The first time you ever set one up, you were instructed, when recording your outgoing message, to include instructions for the caller.  What should they do after the beep?  Leave a message, of course, and you’ll call them right back.

Many years have come and gone, and physical answering machines have evolved into voice mail stored on some remote server in the ether.  Every single person in every developed country on Earth has both sent and received voice messages.  Yet we persist in including those same instructions when we record our message in the voicemail system.

Why are we beholden to instructions that are absolutely useless?  How much time is wasted as people wait for the message to play before being able to record their message?  Even with the shortest message possible (“Not here. beep“) everyone would know exactly what to do.

Perhaps the worst possible offenders are those voice mail systems that tack on additional instructions, in a smooth female voice, after your message.  You’ve heard it a thousand times:

Leave your message after the beep.  When you are finished, you may hang up, or stay on the line for more options.

Is anyone unclear as to the next step after leaving their message?  Has anyone ever “stayed on the line for more options?”

Of course, many people are fairly gregarious when leaving a message, in a sort of karmic revenge for the long outgoing message.  There is nothing more frustrating than listening to some lengthy explanation in a voice mail when all you really want is a name and a number.  People ramble on and on, going into all sorts of detail that, truth be told, you are ignoring as you anxiously await the crucial data they might spring on you at any moment.

And when they get to that part?  They rattle off their number faster than anyone could ever transcribe it, mumble their name, and hang up.  You know what’s worse than listening to a long, tedious message?  Listening twice to check the name and number at the end.

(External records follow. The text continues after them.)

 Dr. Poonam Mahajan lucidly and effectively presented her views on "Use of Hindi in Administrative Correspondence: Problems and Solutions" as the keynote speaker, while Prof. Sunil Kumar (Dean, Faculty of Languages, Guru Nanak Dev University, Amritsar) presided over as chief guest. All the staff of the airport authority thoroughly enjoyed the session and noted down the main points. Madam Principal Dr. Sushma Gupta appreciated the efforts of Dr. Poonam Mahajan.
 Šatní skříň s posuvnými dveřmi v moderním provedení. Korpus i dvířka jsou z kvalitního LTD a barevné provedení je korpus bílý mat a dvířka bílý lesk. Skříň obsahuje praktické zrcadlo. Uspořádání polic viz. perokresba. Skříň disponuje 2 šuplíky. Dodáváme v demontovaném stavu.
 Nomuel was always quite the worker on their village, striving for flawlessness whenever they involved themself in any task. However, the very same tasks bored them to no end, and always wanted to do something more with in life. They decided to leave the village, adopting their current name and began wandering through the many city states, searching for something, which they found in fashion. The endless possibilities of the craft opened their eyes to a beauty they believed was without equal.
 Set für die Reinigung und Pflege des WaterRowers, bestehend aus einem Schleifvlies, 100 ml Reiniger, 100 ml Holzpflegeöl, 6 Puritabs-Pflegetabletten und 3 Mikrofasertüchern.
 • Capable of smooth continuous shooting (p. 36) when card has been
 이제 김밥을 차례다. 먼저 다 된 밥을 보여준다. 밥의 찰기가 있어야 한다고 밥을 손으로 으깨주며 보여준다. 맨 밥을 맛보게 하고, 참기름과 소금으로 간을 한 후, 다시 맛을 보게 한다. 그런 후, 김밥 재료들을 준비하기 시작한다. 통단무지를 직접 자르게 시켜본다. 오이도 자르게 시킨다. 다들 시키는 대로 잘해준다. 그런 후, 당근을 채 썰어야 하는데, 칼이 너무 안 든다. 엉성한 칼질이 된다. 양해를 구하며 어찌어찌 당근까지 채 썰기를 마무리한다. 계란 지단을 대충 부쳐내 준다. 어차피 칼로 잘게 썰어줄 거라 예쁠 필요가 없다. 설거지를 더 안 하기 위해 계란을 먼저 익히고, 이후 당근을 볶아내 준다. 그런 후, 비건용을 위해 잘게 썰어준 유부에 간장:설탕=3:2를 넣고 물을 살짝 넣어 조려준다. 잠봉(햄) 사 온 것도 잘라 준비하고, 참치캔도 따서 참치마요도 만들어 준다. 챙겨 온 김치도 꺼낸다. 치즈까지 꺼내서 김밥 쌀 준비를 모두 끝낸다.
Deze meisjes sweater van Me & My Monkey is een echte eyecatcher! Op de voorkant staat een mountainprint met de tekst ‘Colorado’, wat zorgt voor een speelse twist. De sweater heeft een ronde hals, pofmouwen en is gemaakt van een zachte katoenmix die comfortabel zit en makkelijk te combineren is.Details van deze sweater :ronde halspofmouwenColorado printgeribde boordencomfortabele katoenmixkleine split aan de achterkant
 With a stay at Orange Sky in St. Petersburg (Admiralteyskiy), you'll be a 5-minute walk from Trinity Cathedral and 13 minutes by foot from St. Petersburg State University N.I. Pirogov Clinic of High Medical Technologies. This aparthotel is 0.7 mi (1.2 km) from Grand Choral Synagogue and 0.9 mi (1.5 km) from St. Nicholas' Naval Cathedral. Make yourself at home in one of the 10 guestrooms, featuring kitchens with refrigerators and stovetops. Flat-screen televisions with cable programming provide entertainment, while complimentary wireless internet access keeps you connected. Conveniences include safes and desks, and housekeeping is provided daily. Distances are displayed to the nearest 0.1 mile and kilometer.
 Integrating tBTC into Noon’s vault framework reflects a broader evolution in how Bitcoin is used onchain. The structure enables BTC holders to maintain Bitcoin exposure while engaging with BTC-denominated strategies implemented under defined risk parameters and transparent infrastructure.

I propose that we establish a new set of voice mail rules that will save everyone time and frustration:

  • Outgoing messages need to be short and sweet. No extraneous instructions; we know what to do.
  • Incoming messages need to be short and sweet. You get no more than twenty seconds to give a reason why you need a return call.  State your name and number slowly.  Pause and repeat it.  Hang up.

Get the message?  Together, we can change the world, one beep at a time!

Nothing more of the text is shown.